Getting Started
This Getting Started document provides quick reference information regarding installing Analytics Zoo, running the applications, and developing your own applications using Analytics Zoo.
1. Try Analytics Zoo
Users can easily try Analytics Zoo with Docker or Google Colab without installing it. For more information:
- Check the Docker User Guide
- Check the Google Colab Guide page
Please also check the examples for various Analytics Zoo features (such as distributed TensorFlow and PyTorch on Spark, DL support in Spark ML pipeline, RayOnSpark, Cluster Serving, AutoML, etc.)
2. Install Analytics Zoo
Analytics Zoo installation methods are available for Python and Scala users.
2.1 Python
- Check the Python User Guide for how to install Analytics Zoo in Python program environment.
2.2 Scala
- Check the Scala User Guide for how to install Analytics Zoo in Scala program environment.

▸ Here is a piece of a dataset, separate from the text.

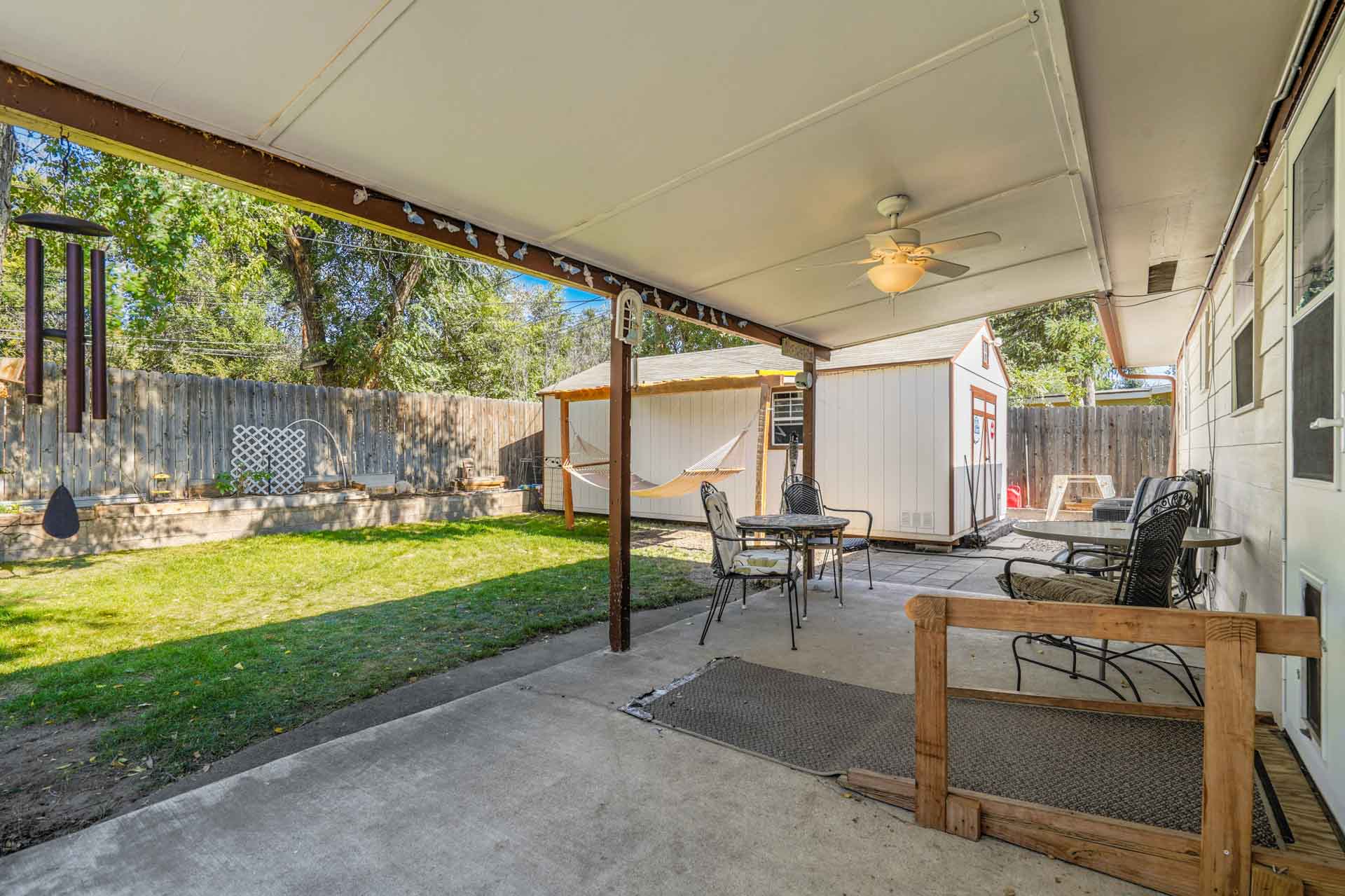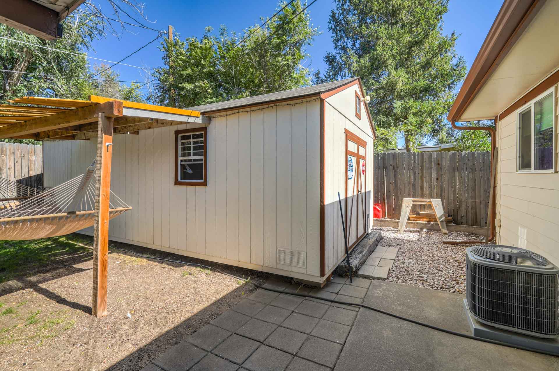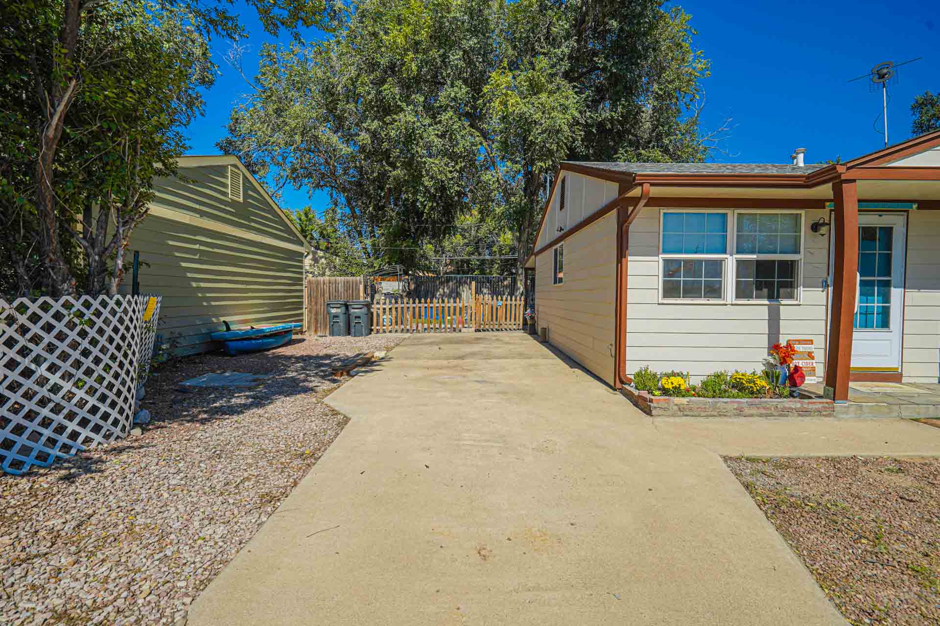Adorable 3 bedroom, 1 bathroom Rancher with RV Parking located in Security/Widefield area! This charming home welcomes you into the living room with ample natural light, freshly painted interior & new honeycomb blinds throughout. The eat-in country kitchen has a new Samsung gas range oven & fancy refrigerator; both include transferable warranties. New stackable Washer & Dryer conveniently located in hallway leading to the bedrooms. Down the hallway, you'll find the spacious master bedroom (large enough to fit a king sized bed), 2 additional bedrooms & bathroom. Access to the fenced backyard from the kitchen/dining area provides enjoyment to the covered patio & large storage shed! The shed not only has extra storage, but provides the perfect workshop, which includes a large workbench & electricity. The landscaped yard also features a fire pit in the back yard perfect for summer nights. Home provides RV hookups which include a 50amp breaker & waste connection. New A/C was installed in (2022), Furnace (2020), Electrical Panel updated to 200Amps (2022), Painted Exterior (2021), Roof (2018). The sewer line has been previously replaced from the home to city main with 2 exterior clean outs. The home currently has a security system installed & service can be resumed by new buyer through Cove if desired. This home has been loved & well cared for over the years, providing you the peace of mind that many big ticket items have already been addressed. Don't miss your opportunity for a great investment!

3. Run Analytics Zoo Applications
Analytics Zoo applications can run on remote or cloud resources, such as YARN, K8s, Databricks, or Google Dataproc.
3.1 Run on YARN
- Python users can follow the instructions in Python User Guide to run Analytics Zoo applications on YARN.
- Scala users can follow the instructions in Scala User Guide to run Analytics Zoo applications on YARN.
3.2 Run on K8s
- Check the instructions for how to run Analytics Zoo applicaitons on K8s.
3.3 Run on Databricks
- Check the instructions for how to run Analytics Zoo applicaitons on Databricks.
3.4 Run on Google Dataproc
- Check the instructions for how to run Analytics Zoo applications on Google Dataproc environment.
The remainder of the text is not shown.